Paciência com Irã está no fim, diz embaixador dos EUA

A paciência dos Estados Unidos com o programa nuclear iraniano "está se esgotando", advertiu hoje o embaixador norte-americano Glyn Davies, enviado de Washington à Agência Internacional de Energia Atômica (AIEA). O comentário foi feito depois de a AIEA ter aprovado hoje, em Viena, uma moção de censura contra o Irã por causa de seu programa nuclear. Davies ressalvou, no entanto, que a resolução aprovada hoje "não tem caráter punitivo". O embaixador disse esperar que a moção dê "novo ímpeto ao caminho da diplomacia".

AE, Agencia Estado

27 Novembro 2009 | 12h51

O Reino Unido também se pronunciou sobre a censura ao Irã. "A resolução aprovada hoje pela AIEA envia ao Irã a mais dura mensagem possível de que suas ações e intenções continuam sendo motivo de grave preocupação internacional", declarou David Miliband, secretário de Exterior do Reino Unido.

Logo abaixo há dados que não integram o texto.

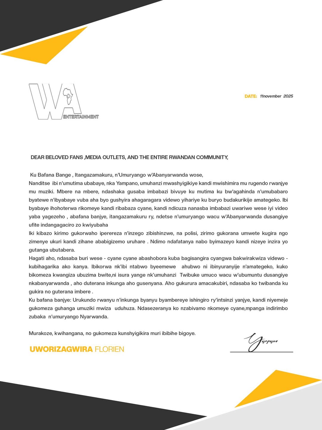Ati “Ndasaba buri wese, cyane cyane abashobora kuba bagisangira cyangwa bakwirakwiza videwo, kubihagarika. Ibikorwa nk’ibi ntabwo byemewe ahubwo binyuranyije n’amategeko, kuko , bikomeza kwangiza ubuzima bwite, ni isura yange nk’umuhanzi. Twibuke umuco wacu w’ubumuntu dusangiye nk’Abanyarwanda, aho duterana inkunga aho gusenyana.”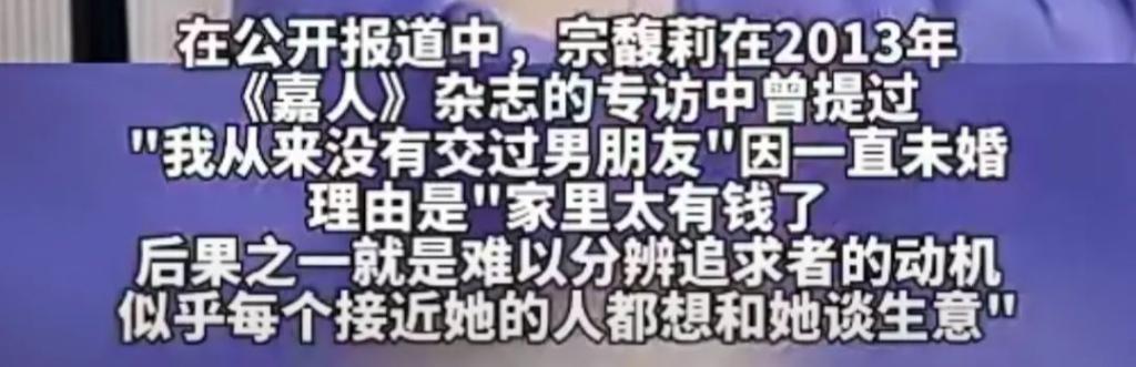 虽然宗馥莉采访中表示过,自己主要精力是搞事业,感情的事不强求,也没有太大的动力。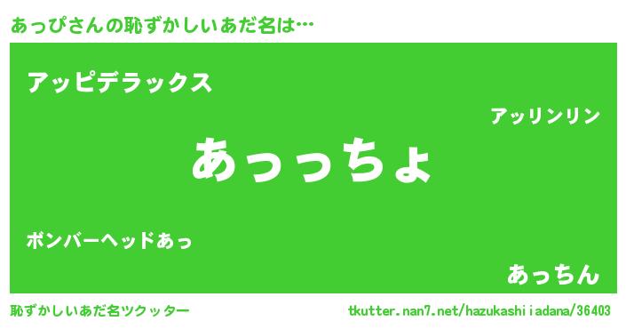| 女子向けラノベタイトル風あだ名 | 『あっぴ伯爵の花嫁』『闇のあっぴ』 |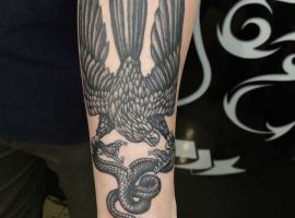 Конечно, никогда не выходили из моды патриотические тату-надписи, такие как известные лозунги: «Слава Украине», «Смерть врагам». Также военные ассоциируют себя с хищными животными: волком, медведем, львом и тигром. А также с птицами: соколом, беркутом, орлом и т.д.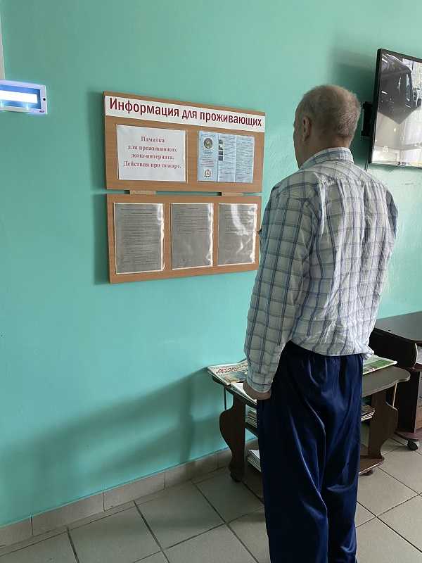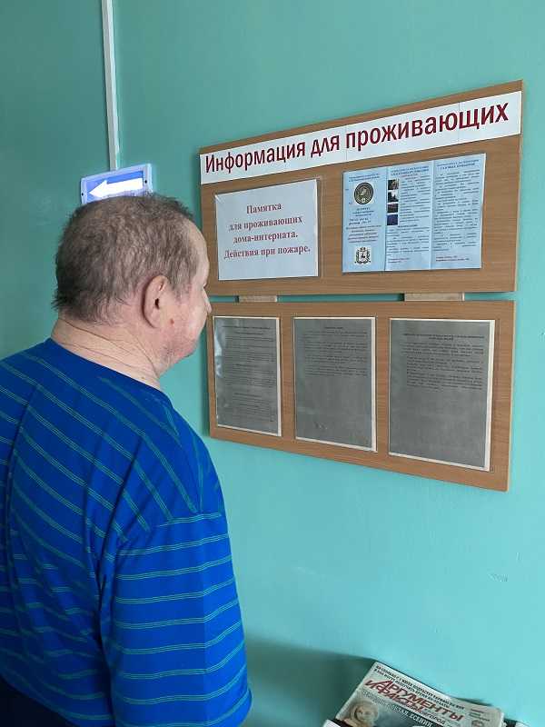 Для проживающих нашего дома-интерната оформлен информационный стенд «Действия при пожаре».

"Como fica claro na resolução, o Irã precisa cumprir com suas obrigações tanto para com a AIEA como para com o Conselho de Segurança (CS) da Organização das Nações Unidas (ONU)", afirmou Miliband. "A não ser que isso aconteça, continuará sendo impossível para a comunidade internacional ter alguma confiança nas intenções iranianas", prosseguiu.

China e Rússia

China e Rússia se uniram com Reino Unido, França, Alemanha e Estados Unidos para pressionar pela resolução. Do grupo de 35 países da atual Junta de Governadores da AIEA, 25 concordaram com a moção de censura, segundo diplomatas. Três países votaram contra o texto: Venezuela, Malásia e Cuba. Abstiveram-se Brasil, Afeganistão, Egito, Paquistão, África do Sul e Turquia. Apenas um país, o Azerbaijão, não estava representado.

A resolução foi condenada pelo embaixador iraniano na AIEA, Ali Asghar Soltanieh. Segundo ele, o documento cria um "ambiente de confrontação". Mas o diplomata disse que o país não se retirará do Tratado de Não-Proliferação (TNP). A Rússia e a China, que mantêm estreitos laços com o Irã, apoiaram a censura após a revelação, em setembro, de que o país persa construía uma segunda planta nuclear, perto da cidade sagrada de Qom.

Soltanieh lembrou que já houve visitas de inspetores da AIEA à planta em Qom. Ele alertou de que haverá "consequências naturais para uma resolução como essa, porque este é um gesto hostil, não amigável".

Temor

Os Estados Unidos e alguns de seus aliados suspeitam que o Irã desenvolva em segredo um programa nuclear bélico. O Irã sustenta que seu programa nuclear é civil e tem finalidades pacíficas, estando de acordo com as normas do Tratado de Não-Proliferação Nuclear, do qual é signatário. O enriquecimento de urânio é um processo essencial para a geração de combustível usado no funcionamento das usinas nucleares. Em grande escala, o urânio enriquecido pode ser usado para carregar ogivas atômicas. As informações são da Dow Jones.